“We the People” may be a cantankerous, outrageous, contentious bunch at times — but, oh my, we surely do love our freedom! And the bedrock of freedom is the ability to vote. More than 100 million Americans went to the polls yesterday (or earlier in some states) to exercise their right to vote and fulfill the most important duty of citizenship. The vote for president was close, and many people thought we’d still be waiting to know the results this morning. In fact, the result was clear by midnight: President Barack Obama won the election, earning a second term in the White House.
Congratulations, President Obama!
One of the great strengths of our democratic process is the strong tradition of gracious, peaceful concession of defeat. Republican Nominee Mitt Romney stepped up to the moment last night, eschewing any thought of a protracted challenge to the election results in the so-called “battleground states,” and instead, he conceded the election he so dearly wanted to win. Thank you, Mitt Romney, for sparing the nation any extension of the bitterness of the campaign.
The electoral map tells us that we remain a deeply divided nation. The popular vote as of this morning looks very close, Obama with 59.3 million, Romney with 56.8 million. The electoral college votes are more decisive, 303 to 206. We can all give a sigh of relief that we did not have to revisit the mess of 2000, as some had feared, in which Al Gore won the popular vote but George Bush won the election after the Supreme Court awarded Florida’s electoral votes to Bush. That election remains a blot on the democratic process, and the fundamental problem of the electoral college in the modern age remains. A handful of states should not have such a powerful grip on the results of any national election.
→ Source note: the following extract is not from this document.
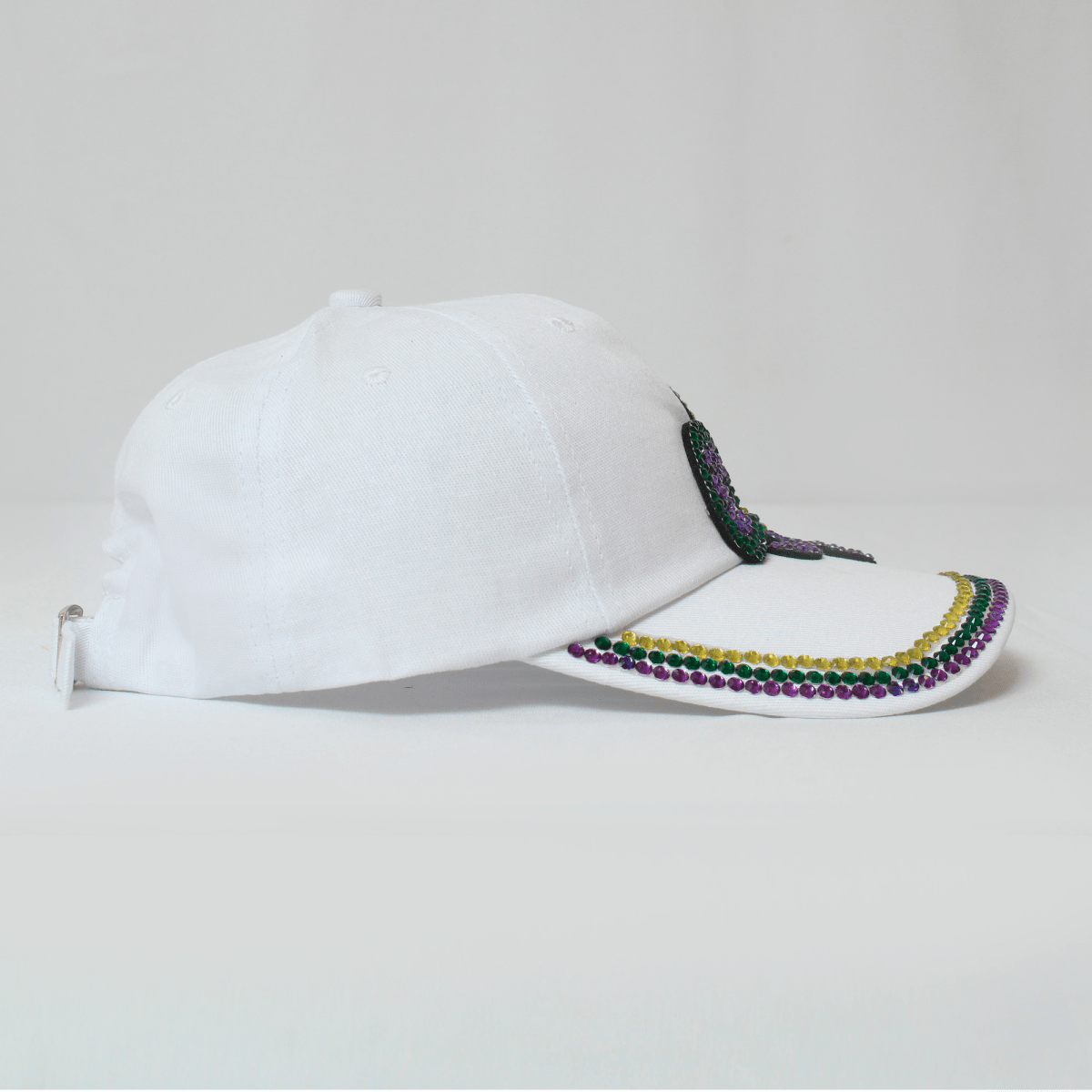 Mardi Gras Adjustable Hat with Rhinestone Fleur-de-Lis White

President Obama deserves credit for even wanting a second term. The list of challenges we face as a nation is daunting; the prospect of four more years of a divided Congress is depressing. The People now expect the president and the lawmakers at the other end of Pennsylvania Avenue to blow up the gridlock and find ways to work together for the good of the nation.
Commentators this morning seem to be in agreement that the pattern of the election not only for the presidency but also on various state races and referendums seems to be a repudiation of the most extreme ideologies — represented in the Tea Party, e.g., — that are a big reason for the gridlock on Congress. Let’s hope that the president and all of the elected officials now have the backbone to stare down the extremists and come together to fulfill their promises to achieve effective financial and economic solutions for this nation, to avoid the threat of sequestration and the “fiscal cliff,” to expand job opportunities, rescue homeowners, and rebuild the nation’s intellectual infrastructure through improving educational opportunities at all levels.
Much more to come in the days ahead. For now, whether you feel happy that your candidate won or disappointed that yours lost, let’s come together to celebrate the idea and the reality of the nation’s strongest, oldest democracy. Democracy won last night, and that’s the best possible result.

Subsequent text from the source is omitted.